What you need to do ▸
Using only the entries below, copy exactly the lines that begin at the one with "Detachable Freely Assemble" and end at the one with "Indoor & Outdoor", both included. Drop the pictures.

Data provided ▸
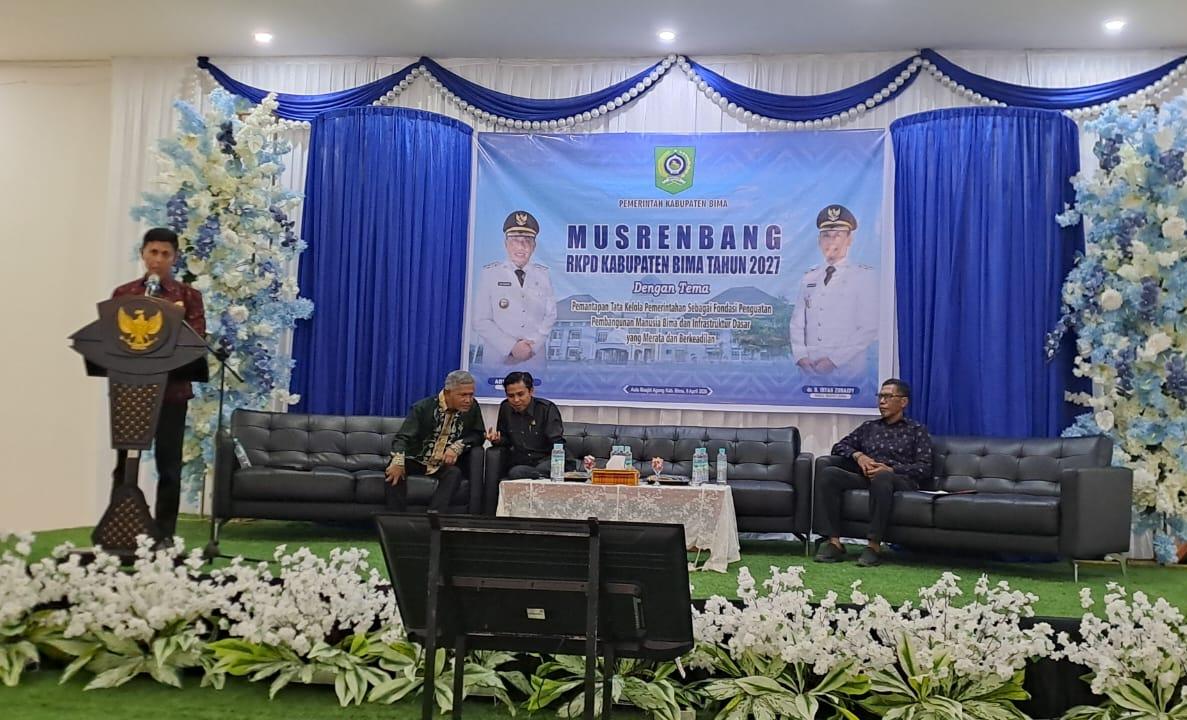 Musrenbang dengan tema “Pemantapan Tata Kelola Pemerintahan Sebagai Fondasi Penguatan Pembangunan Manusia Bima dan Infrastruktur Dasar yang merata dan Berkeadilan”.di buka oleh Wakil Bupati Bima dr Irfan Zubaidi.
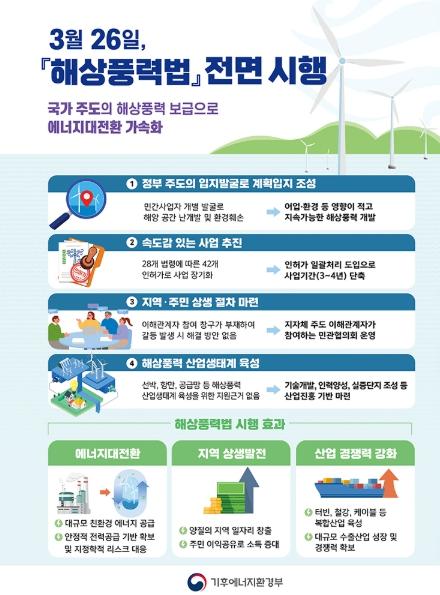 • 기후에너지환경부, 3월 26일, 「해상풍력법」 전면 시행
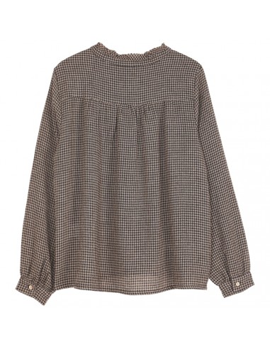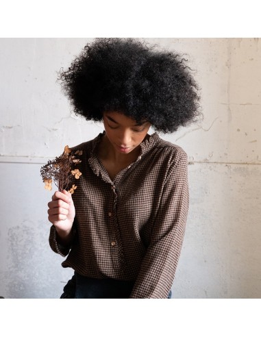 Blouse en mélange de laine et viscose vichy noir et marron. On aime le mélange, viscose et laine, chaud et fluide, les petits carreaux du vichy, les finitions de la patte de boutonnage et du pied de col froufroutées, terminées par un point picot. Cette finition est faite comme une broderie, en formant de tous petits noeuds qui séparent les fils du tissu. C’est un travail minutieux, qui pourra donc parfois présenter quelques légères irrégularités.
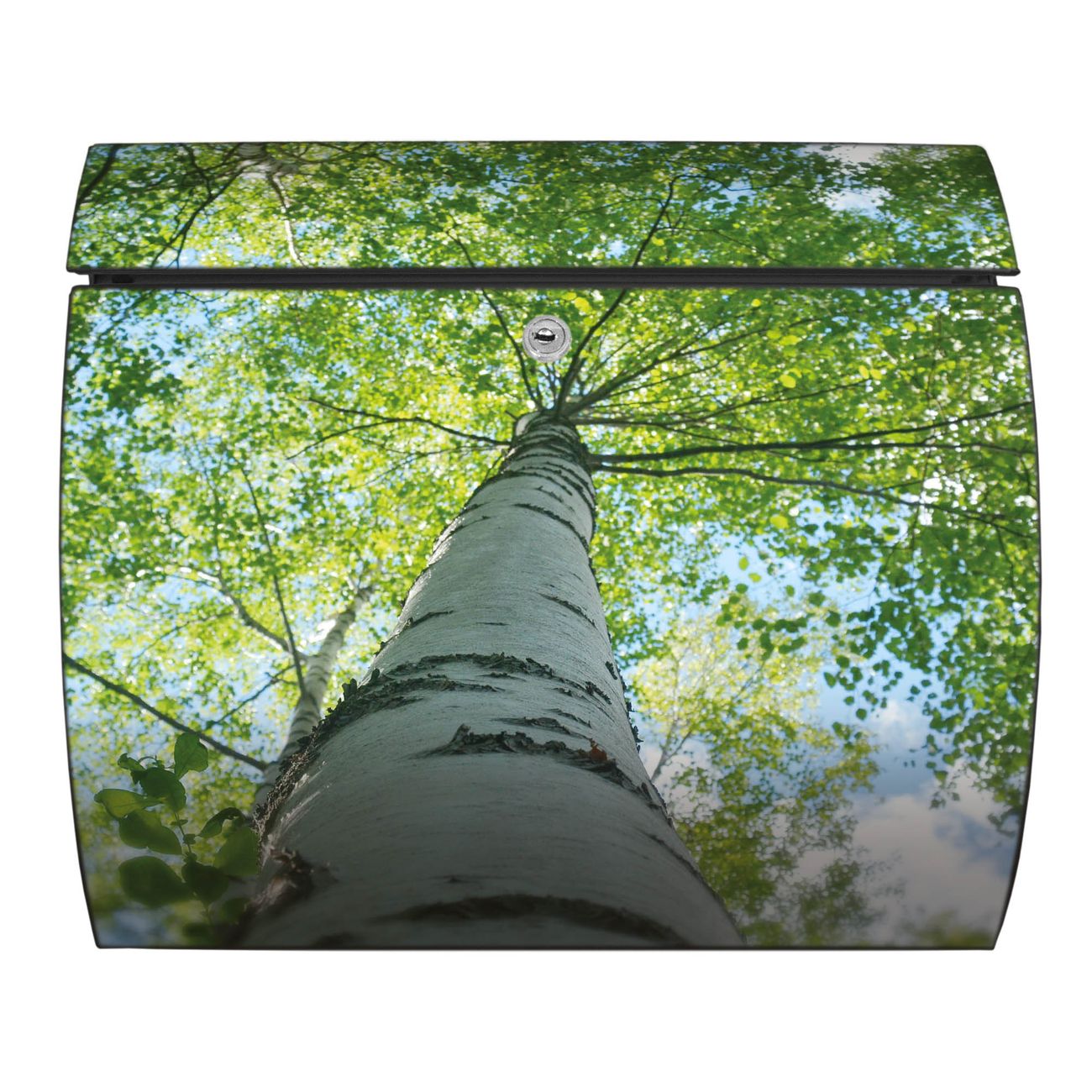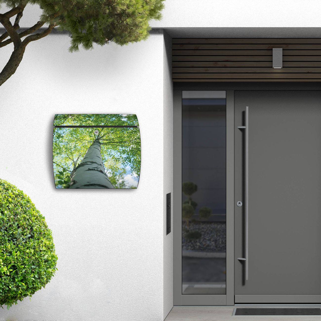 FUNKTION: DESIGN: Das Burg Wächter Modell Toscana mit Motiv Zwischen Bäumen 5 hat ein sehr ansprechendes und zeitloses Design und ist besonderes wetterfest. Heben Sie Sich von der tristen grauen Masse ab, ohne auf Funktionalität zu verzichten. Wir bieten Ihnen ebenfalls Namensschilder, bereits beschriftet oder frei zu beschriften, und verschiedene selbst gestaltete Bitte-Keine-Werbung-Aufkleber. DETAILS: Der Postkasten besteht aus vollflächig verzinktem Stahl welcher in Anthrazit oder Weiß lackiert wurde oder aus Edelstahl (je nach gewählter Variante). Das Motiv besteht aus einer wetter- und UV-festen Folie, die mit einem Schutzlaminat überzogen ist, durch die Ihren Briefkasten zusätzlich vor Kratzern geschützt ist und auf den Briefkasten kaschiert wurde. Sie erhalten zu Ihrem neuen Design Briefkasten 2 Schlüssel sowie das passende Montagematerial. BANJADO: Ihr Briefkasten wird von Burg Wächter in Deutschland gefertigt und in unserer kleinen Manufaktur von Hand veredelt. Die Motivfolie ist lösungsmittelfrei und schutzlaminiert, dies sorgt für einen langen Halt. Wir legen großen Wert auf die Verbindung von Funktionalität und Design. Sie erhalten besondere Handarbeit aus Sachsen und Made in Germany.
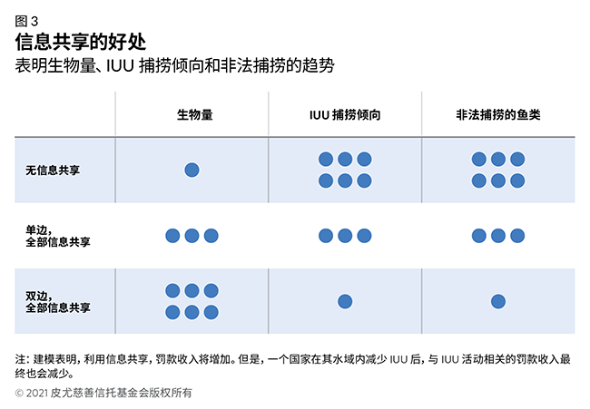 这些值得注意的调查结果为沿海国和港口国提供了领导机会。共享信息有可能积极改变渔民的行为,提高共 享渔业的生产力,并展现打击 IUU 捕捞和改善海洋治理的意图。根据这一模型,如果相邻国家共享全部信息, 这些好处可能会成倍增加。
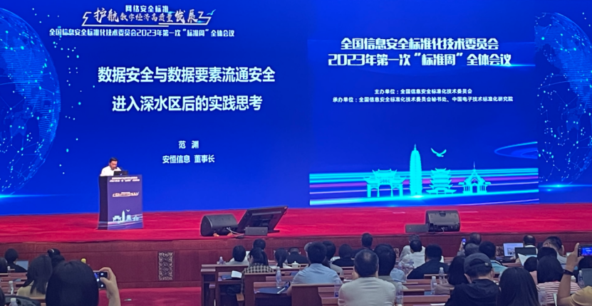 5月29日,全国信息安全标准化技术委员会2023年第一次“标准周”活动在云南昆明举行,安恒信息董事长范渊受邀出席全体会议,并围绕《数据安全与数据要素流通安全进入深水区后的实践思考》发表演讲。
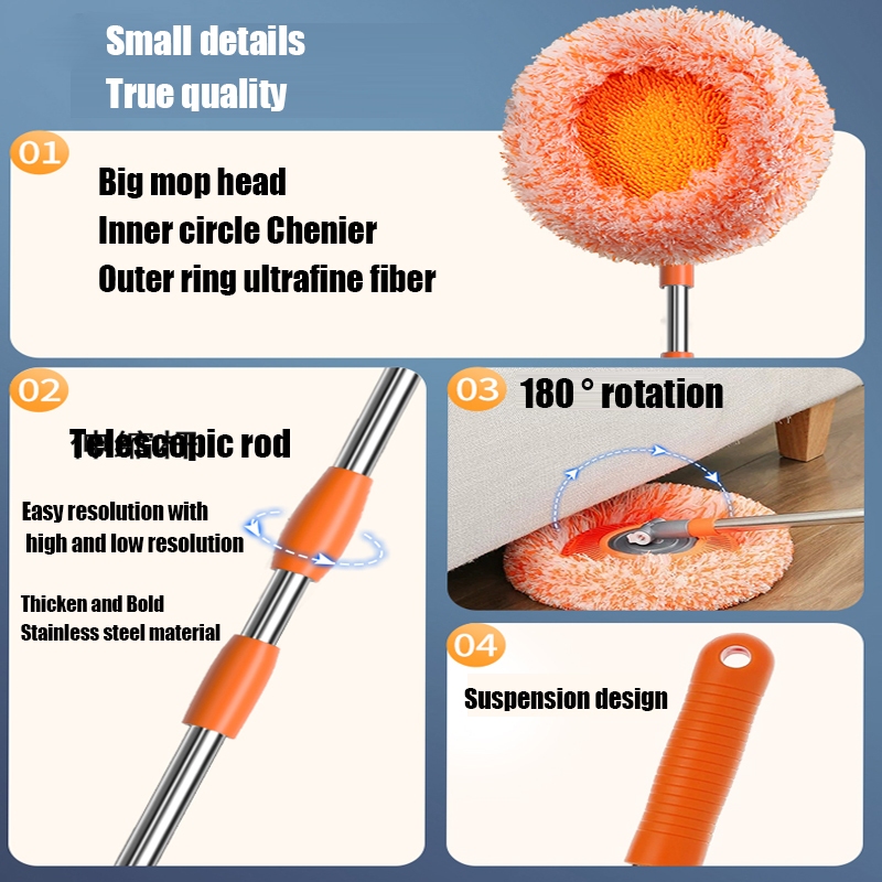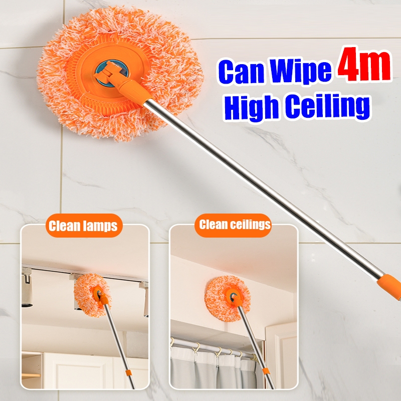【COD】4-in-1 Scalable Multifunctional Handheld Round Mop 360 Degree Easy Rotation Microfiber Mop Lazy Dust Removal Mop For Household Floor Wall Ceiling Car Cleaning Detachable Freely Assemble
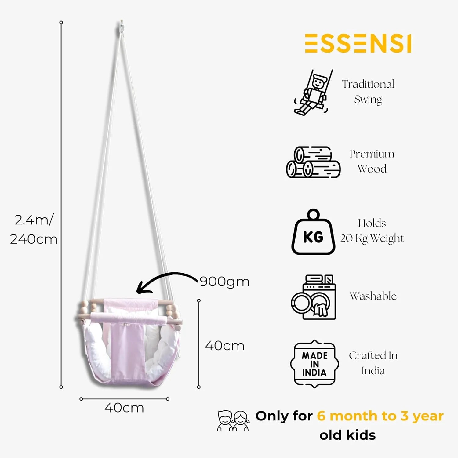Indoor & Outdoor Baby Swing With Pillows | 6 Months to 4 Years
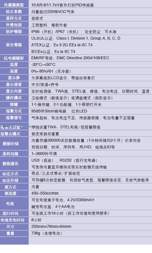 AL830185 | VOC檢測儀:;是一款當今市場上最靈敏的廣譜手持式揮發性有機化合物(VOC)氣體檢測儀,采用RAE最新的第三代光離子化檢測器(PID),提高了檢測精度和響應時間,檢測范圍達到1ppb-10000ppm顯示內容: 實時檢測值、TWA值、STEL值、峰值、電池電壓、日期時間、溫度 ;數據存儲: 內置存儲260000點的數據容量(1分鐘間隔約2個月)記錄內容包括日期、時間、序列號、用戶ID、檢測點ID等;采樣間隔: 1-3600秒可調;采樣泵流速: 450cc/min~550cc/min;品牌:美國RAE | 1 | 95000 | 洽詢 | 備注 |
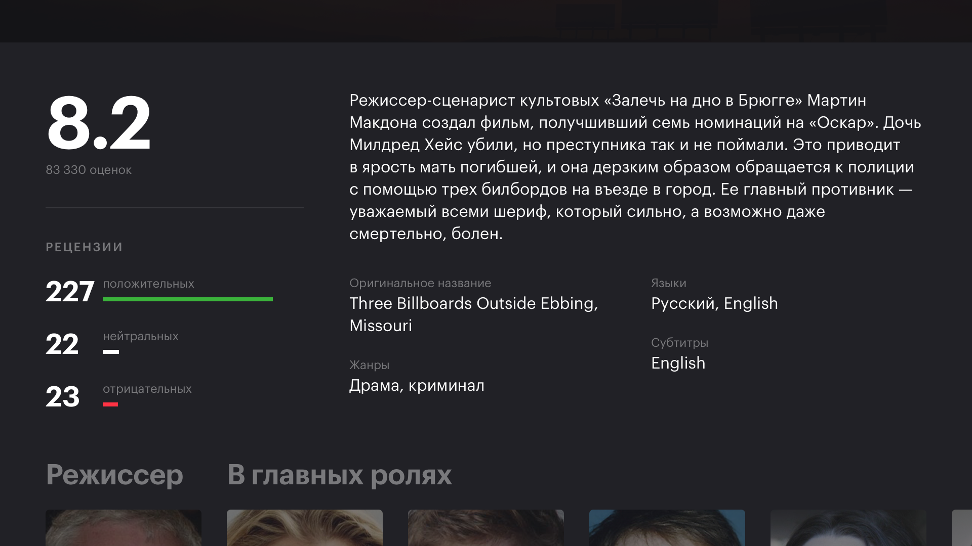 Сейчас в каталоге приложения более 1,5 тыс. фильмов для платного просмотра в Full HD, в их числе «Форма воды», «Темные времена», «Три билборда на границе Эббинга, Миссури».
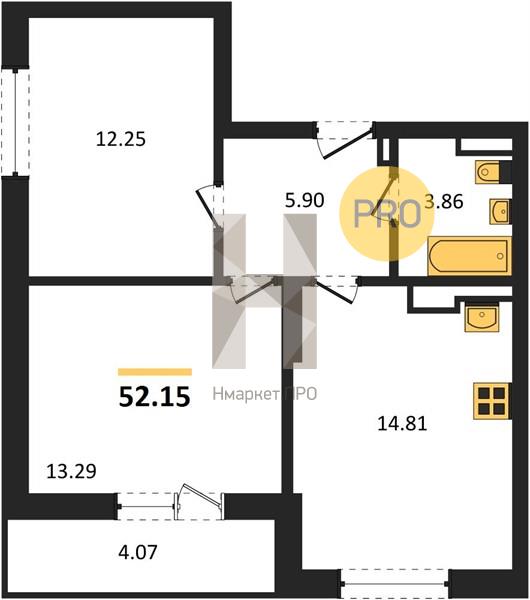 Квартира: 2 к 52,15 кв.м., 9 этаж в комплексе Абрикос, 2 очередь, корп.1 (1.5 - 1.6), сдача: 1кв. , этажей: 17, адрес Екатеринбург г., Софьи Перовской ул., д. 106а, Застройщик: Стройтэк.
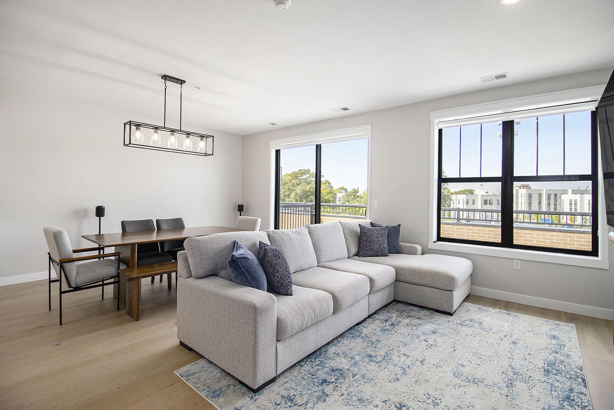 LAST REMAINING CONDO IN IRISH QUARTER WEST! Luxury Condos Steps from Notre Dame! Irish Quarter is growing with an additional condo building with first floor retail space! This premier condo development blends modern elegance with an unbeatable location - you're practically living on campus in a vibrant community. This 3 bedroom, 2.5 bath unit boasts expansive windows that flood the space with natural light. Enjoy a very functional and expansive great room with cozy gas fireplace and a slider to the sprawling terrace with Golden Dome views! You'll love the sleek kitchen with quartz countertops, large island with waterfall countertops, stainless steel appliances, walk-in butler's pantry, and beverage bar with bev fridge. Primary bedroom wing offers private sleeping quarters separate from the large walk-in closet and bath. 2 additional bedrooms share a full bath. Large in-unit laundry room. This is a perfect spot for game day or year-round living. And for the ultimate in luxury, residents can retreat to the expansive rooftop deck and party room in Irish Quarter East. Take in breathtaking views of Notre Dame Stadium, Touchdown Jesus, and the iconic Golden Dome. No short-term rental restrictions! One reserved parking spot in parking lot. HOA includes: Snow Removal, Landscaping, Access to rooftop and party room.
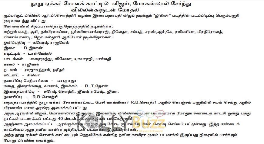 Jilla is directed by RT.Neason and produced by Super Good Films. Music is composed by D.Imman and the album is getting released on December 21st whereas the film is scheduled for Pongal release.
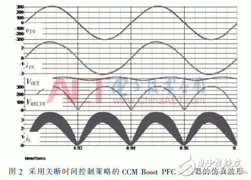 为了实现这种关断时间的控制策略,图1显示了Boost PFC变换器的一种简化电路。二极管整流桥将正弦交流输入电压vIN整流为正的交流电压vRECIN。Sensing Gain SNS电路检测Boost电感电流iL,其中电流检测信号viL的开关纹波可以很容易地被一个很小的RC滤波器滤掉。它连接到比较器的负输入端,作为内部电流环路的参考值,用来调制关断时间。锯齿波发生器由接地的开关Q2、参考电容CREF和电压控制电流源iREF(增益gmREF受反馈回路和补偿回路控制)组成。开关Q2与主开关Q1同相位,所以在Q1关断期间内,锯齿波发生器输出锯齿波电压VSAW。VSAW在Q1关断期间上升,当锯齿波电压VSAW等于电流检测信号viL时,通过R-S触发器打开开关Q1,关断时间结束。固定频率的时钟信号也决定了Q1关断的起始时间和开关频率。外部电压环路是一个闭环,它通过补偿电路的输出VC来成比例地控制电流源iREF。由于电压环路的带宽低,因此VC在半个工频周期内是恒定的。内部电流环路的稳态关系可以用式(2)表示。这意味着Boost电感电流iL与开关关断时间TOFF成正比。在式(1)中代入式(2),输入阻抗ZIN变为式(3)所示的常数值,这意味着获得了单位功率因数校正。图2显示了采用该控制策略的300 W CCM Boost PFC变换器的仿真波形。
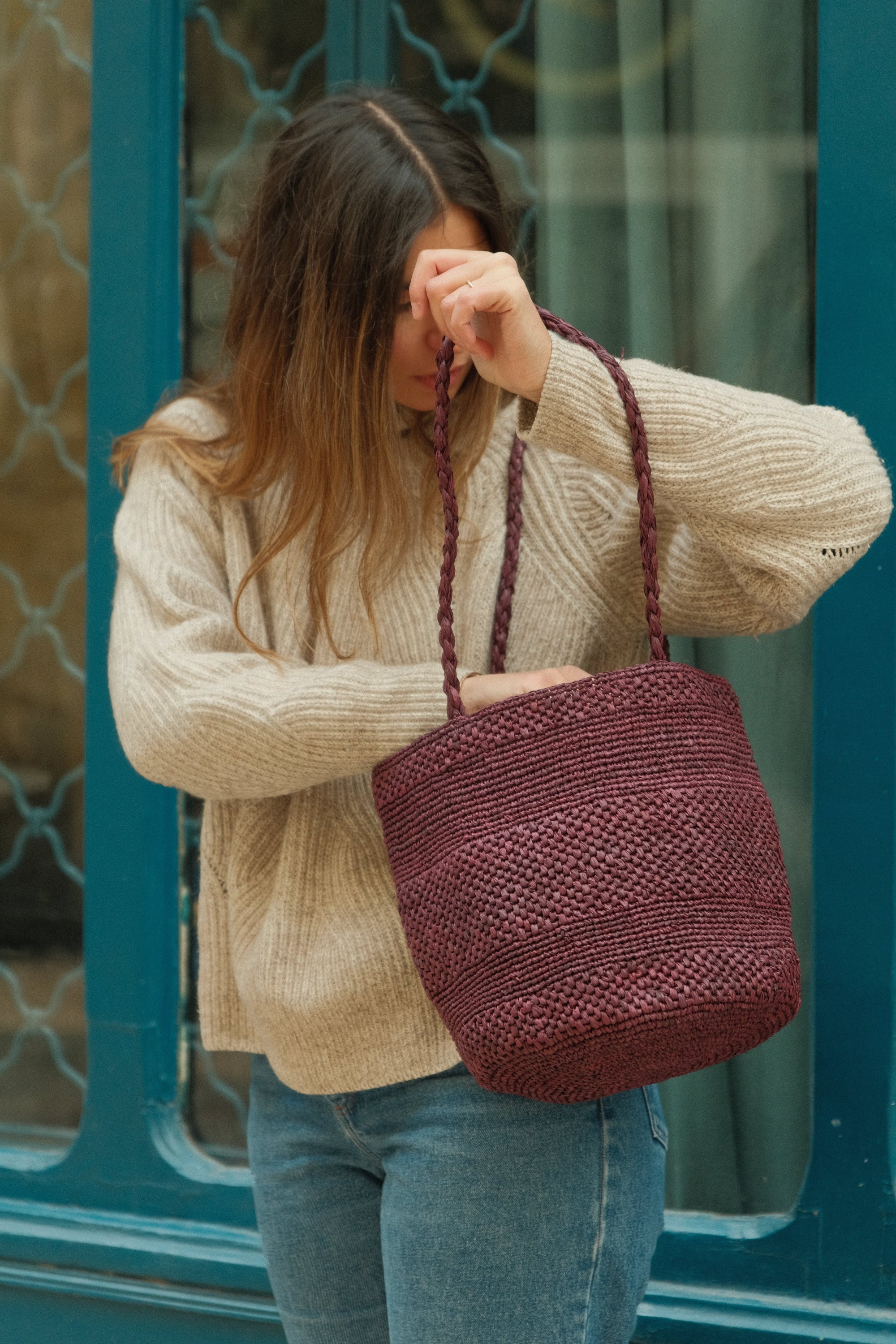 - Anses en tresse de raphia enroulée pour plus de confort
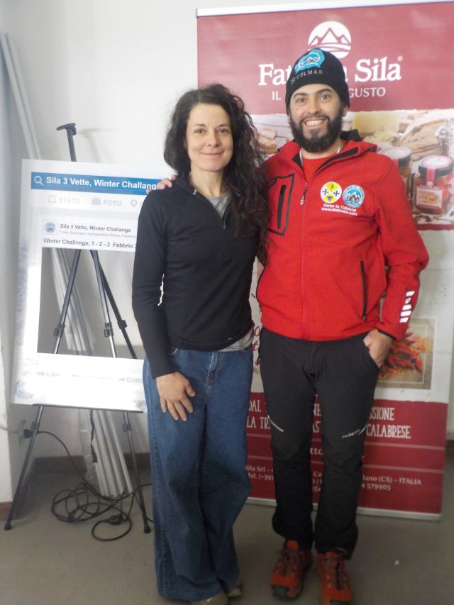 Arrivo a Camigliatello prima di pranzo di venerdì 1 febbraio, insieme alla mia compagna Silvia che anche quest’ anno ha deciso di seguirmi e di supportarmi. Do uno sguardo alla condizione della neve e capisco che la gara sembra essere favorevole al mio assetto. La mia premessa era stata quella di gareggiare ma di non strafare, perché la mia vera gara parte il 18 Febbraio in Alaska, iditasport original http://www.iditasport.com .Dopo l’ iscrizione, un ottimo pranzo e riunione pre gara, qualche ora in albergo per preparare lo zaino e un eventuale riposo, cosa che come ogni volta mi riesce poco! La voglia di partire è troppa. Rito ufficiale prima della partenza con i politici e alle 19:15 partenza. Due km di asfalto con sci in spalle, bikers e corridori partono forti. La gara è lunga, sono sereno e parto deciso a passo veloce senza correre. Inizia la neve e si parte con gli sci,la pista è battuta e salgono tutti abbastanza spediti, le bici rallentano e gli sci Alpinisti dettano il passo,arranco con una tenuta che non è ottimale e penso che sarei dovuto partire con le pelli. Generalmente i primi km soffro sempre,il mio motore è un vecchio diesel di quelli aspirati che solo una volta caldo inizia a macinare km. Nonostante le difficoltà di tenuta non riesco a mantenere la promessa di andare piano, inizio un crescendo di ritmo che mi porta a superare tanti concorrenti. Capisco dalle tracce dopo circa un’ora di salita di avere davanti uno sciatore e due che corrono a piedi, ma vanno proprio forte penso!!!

Reply to the exercise ▸
【COD】4-in-1 Scalable Multifunctional Handheld Round Mop 360 Degree Easy Rotation Microfiber Mop Lazy Dust Removal Mop For Household Floor Wall Ceiling Car Cleaning Detachable Freely Assemble
Indoor & Outdoor Baby Swing With Pillows | 6 Months to 4 Years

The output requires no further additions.